Di Komisi IV DPR, Buwas Ungkap Pemerintah Utang Rp4,5 Triliun ke Bulog
:
0
EmitenNews.com - Besar juga piutang Perum Bulog. Direktur Utama (Dirut) Bulog Budi Waseso atau Buwas mengatakan pemerintah memiliki utang sebesar Rp4,5 triliun kepada perusahaan yang dipimpinnya itu. Ironisnya, Bulog berutang Rp13 triliun kepada sejumlah bank pelat merah. Utang itu terkait dengan pengadaan cadangan beras pemerintah (CBP).
Dalam rapat kerja di Komisi IV DPR RI, Senin (17/1/2022), Dirut Bulog Budi Waseso mengungkapkan adanya data kurang bayar pemerintah kepada Bulog sampai Rp4,5 triliun itu.

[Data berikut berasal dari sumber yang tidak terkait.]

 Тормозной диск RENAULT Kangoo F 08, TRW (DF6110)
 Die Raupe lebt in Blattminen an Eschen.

Sementara itu, Bulog memiliki utang Rp13 triliun kepada sejumlah bank pelat merah, terkait dengan penugasan negara dalam pengadaan cadangan beras pemerintah (CBP). Perbankan nasional itu mengenakan bunga hingga 7,5 persen kepada Bulog. Dengan demikian, jumlah utang Bulog akan terus bertambah setiap tahun jika ditambah dengan bunga.
Ketua Komisi IV DPR, Sudin meminta pemerintah, khususnya Kementerian Keuangan segera melunasi utang ke Bulog. Pasalnya, Bulog membutuhkan dana untuk operasional dan harus membayar utang ke bank.

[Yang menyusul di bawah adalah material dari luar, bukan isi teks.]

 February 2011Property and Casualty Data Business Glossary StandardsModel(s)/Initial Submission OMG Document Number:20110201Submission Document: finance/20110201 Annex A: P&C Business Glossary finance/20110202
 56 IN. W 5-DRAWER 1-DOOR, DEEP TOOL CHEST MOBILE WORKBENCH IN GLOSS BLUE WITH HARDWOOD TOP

"Kira-kira dari Rp4,5 triliun itu harus bayar bunga 7,5 persen kan cukup besar. Kenapa pemerintah tidak cepat-cepat bayar, tolong nanti dalam kesimpulan rapat minta ke pemerintah untuk lunasi utang itu," katanya.
Sebelumnya, Buwas menjelaskan utang mencapai Rp13 triliun dipicu karena pengadaan CBP yang mencapai 1,2 juta ton. Menurut pensiunan jenderal polisi bintang tiga itu, cadangan beras tersebut merupakan stok hingga minggu ketiga menjelang akhir 2021 yang diserap dari petani lokal.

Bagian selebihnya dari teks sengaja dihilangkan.